Exercise: From the entries below, copy exactly the lines from the one that contains "Ένα ευχολόγιο –" through the one that contains "公司旗下品牌美迪智在2019", both included, and only those.

Information given:
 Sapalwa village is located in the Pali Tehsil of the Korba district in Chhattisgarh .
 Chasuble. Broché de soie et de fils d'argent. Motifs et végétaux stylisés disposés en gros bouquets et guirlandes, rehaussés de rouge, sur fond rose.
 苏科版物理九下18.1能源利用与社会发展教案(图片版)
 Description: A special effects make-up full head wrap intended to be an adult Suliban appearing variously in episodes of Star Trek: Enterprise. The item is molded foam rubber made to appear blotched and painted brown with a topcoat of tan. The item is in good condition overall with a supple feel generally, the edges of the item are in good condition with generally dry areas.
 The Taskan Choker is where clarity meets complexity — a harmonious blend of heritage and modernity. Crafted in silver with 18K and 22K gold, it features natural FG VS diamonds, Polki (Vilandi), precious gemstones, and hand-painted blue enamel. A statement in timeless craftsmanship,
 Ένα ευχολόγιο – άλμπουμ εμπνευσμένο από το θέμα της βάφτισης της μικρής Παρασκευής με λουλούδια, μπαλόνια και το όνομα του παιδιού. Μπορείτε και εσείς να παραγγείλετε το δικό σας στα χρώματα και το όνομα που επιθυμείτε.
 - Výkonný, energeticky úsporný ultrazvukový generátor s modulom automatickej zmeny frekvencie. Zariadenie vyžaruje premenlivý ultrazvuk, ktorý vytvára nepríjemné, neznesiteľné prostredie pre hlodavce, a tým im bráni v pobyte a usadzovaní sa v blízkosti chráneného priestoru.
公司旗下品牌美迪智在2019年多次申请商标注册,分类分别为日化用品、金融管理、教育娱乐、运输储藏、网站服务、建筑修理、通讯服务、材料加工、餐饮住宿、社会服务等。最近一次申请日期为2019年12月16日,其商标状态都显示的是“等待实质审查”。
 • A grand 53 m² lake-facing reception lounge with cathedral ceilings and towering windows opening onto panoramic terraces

Solution to this task:
 Ένα ευχολόγιο – άλμπουμ εμπνευσμένο από το θέμα της βάφτισης της μικρής Παρασκευής με λουλούδια, μπαλόνια και το όνομα του παιδιού. Μπορείτε και εσείς να παραγγείλετε το δικό σας στα χρώματα και το όνομα που επιθυμείτε.
 - Výkonný, energeticky úsporný ultrazvukový generátor s modulom automatickej zmeny frekvencie. Zariadenie vyžaruje premenlivý ultrazvuk, ktorý vytvára nepríjemné, neznesiteľné prostredie pre hlodavce, a tým im bráni v pobyte a usadzovaní sa v blízkosti chráneného priestoru.
公司旗下品牌美迪智在2019年多次申请商标注册,分类分别为日化用品、金融管理、教育娱乐、运输储藏、网站服务、建筑修理、通讯服务、材料加工、餐饮住宿、社会服务等。最近一次申请日期为2019年12月16日,其商标状态都显示的是“等待实质审查”。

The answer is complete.